Светлый фон

Для этого случая Максимилиан, всегда заботившийся о своем одеянии, заказал новый костюм. На нем был голубой камзол, белый шелковый жилет, вышитый серебром, черные шелковые штаны, белые чулки и башмаки с золотыми пряжками. Робеспьер возглавлял процессию. Он шел во главе депутатов Конвента, которые тоже принарядились по этому случаю. При этом получилось так, что Робеспьера отделяло от остальных депутатов большое пространство. Случайно или намеренно, но все подчеркивало его особую исключительную роль. Он произнес напыщенную речь вначале перед Тюильри, а затем на Марсовом поле, где Давид соорудил невероятно фантастические символы. Это были статуи чудовищ: Атеизма, Эгоизма, Раздоров и Честолюбия. Вся эта бутафория из картона, дерева и тряпок, пропитанных скипидаром, была подожжена Робеспьером. После этого должна была открыться взорам огромная статуя Мудрости. Но, видно, перелили скипидара, и огонь подпалил Мудрость, которая выглядела довольно глупо. Но звучала музыка, хор в две с половиной тысячи человек пропел специальный гимн Верховному существу.

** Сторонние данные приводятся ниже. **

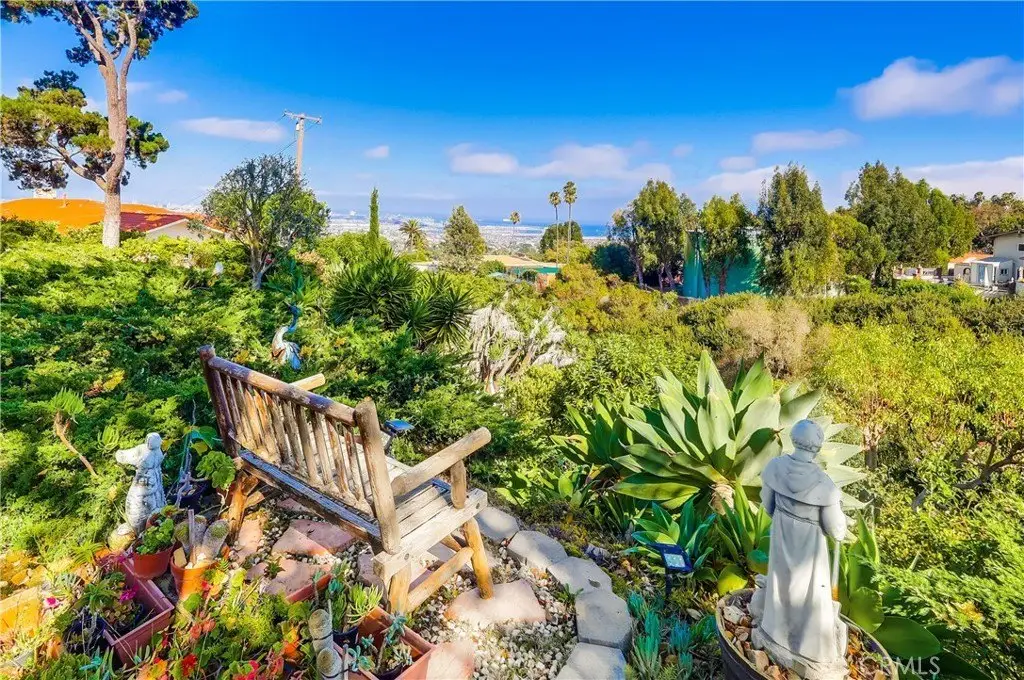 Experience breathtaking harbor and ocean views from nearly every room of this beautifully remodeled home, nestled at the southernmost point of LA County on the Palos Verdes Peninsula. Tucked away at the end of a quiet canyon, this property offers easy freeway access and is conveniently located just 25-30 minutes from both Long Beach and Los Angeles Airports. The home is thoughtfully designed with high-quality finishes, including numerous French doors that maximize the stunning views, elegant crown moldings, distressed hardwood floors, and plush carpeting in the bedrooms. The grand marble-inlaid entry leads seamlessly into the formal living room, dining room, and family room, boasting open-beamed ceilings and a wet bar. The gourmet kitchen is both stylish and functional, featuring granite countertops, a large peninsula with bar seating, and a sun-drenched breakfast nook where you can enjoy views from every angle. A beautiful bleached pine frame surrounds the brick fireplace in the living room, adding warmth and charm. This home offers TWO primary suites, each with panoramic views—one on each level—along with two additional view bedrooms, with access to private deck overlooking the terraced canyon. All four bathrooms have been tastefully remodeled, showcasing granite and tumbled marble accents. The expansive 19,543 sq ft lot is a gardener’s dream, with lush landscaping, an array of fruit trees, and vibrant vegetation. A spacious, flat grassy area off the kitchen and family room provides the perfect spot for family gatherings, all while soaking in the spectacular canyon, harbor, ocean, mountain, and city light views. Located within the renowned Palos Verdes Peninsula School District and just minutes from fine dining, shopping, hiking trails, Terranea Resort, and world-class golf courses, this peaceful, private retreat is a true gem. Meticulously maintained and move-in ready, this home exudes serenity and luxury.

Напрягая голос, Робеспьер произнес речь, скорее напоминавшую молитву:

«Существо из существ! Творец природы!.. Защитники свободы могут доверчиво передать себя в твои руки, Верховное существо! У нас нет несправедливых молитв к тебе, ты знаешь создания, вышедшие из твоих рук… Вот наша молитва, вот наши жертвы, вот наше поклонение, которое мы тебе возносим!»

Вначале Робеспьер чувствовал себя превосходно. Сбылась его затаенная мечта: он принес людям источник величайшей радости и счастья! Но вернулся он домой измученный и удрученный: до его слуха донеслись обрывки насмешливых реплик по его адресу, которыми обменивались депутаты. Больше всего на свете он боялся выглядеть смешным! Он мучительно старался угадать по голосам, кто же занимался таким чудовищным кощунством и высмеивал его возвышенный замысел?

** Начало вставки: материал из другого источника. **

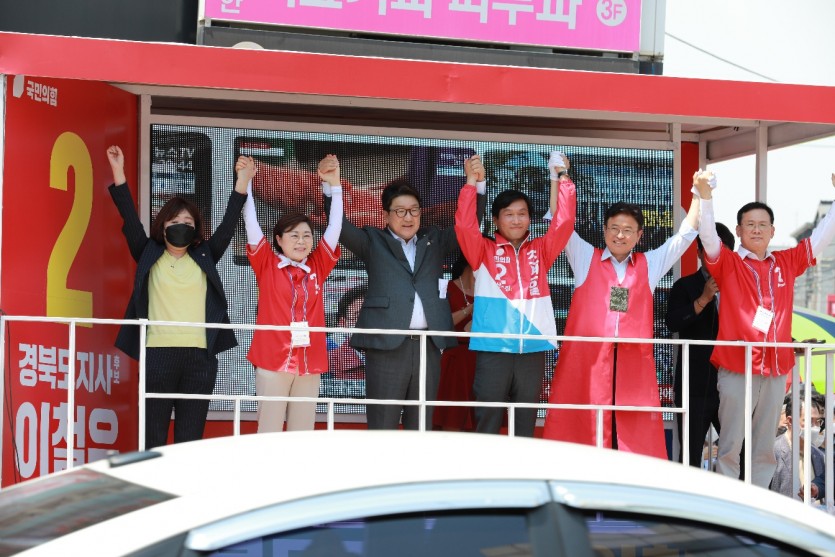 김정재 국민의힘 경북도당위원장은 시장후보, 도지사후보는 물론 함께한 도‧시의원 후보를 한 명씩 일일이 호명하며 “이들을 압도적으로 모두 당선시켜야 시원하게 일할 수 있다”고 주장했다.
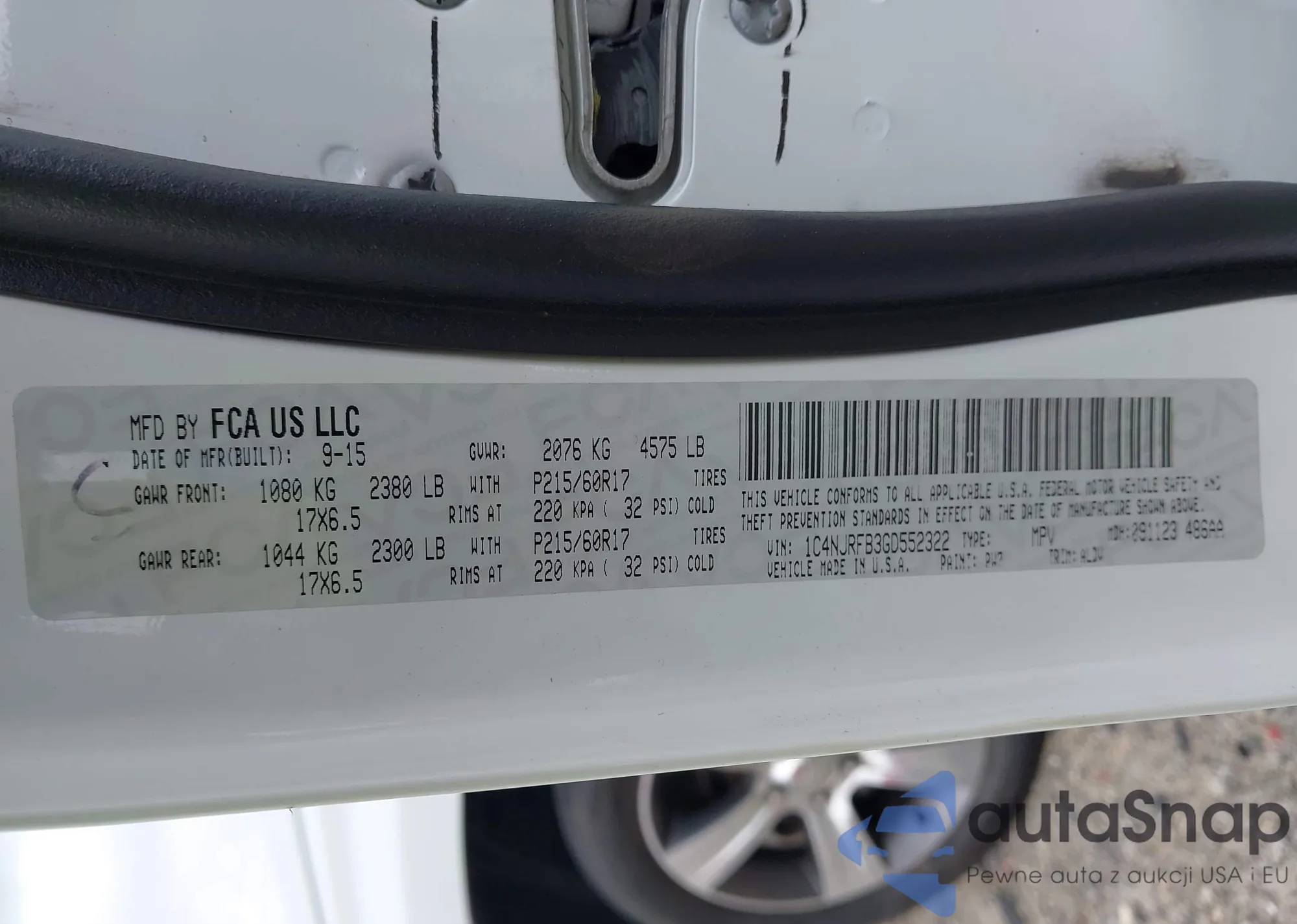 LOT: 43033627 VIN: 1C4NJRFB3GD552322
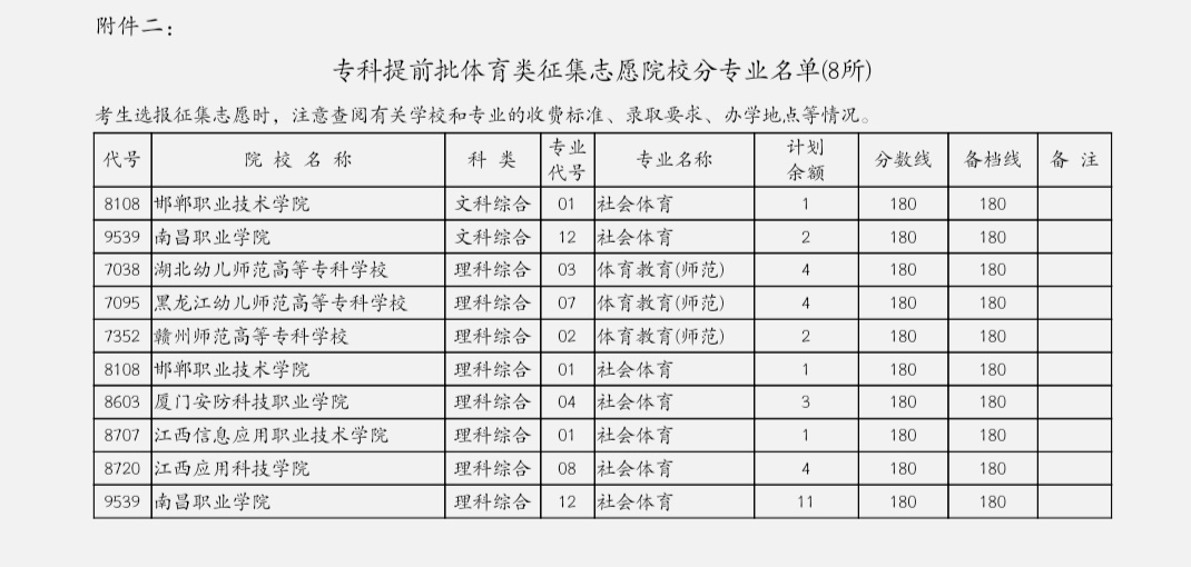 本次征集志愿仍执行原分数线(艺术类要求高考文化成绩达到180分和专业省统考成绩合格、体育类文化及专业成绩达到原定分数线要求,其余类别执行普通类高职高专录取控制分数线),凡高考成绩达到相应分数线、当前未被录取且符合条件的考生,可补报征集志愿的相应院校志愿。

Видимо, он осознал всю нелепость чудовищного праздника в голодном Париже. Народу недоставало хлеба, а не гимнов. Робеспьер хотел спрятаться за Верховным существом от реальных проблем Революции. Вся затея оказалась лишь дополнительной причиной его растущей изоляции. И скоро он услышит от Бийо-Варенна: «Ты начинаешь надоедать мне со своим Верховным существом!»

Но что можно было ждать от этого скрытого эбертиста? После казни кордельеров, Шометта он вообще стал невыносим и в Комитете общественного спасения открыто проявлял свое раздражение. Беда в том, что признаки уныния, сомнений Робеспьер видел и у непоколебимого Сен-Жюста.

Если бы Неподкупный знал, что написал недавно этот самый безупречный его помощник в черновых записках: «Революция заледенела, все принципы ослабели; остаются одни только красные колпаки, прикрывающие интриганов. Применение террора пресытило преступление, как крепкие ликеры пресыщают вкус. Несомненно, еще не время для добра. Частичное благо — паллиатив. Нужно дожидаться общего зла, достаточно большого для того, чтобы общественное мнение испытало потребность в мерах, способных принести благо. То, что приносит общее благо, всегда страшно, и кажется странным, когда начинают слишком рано».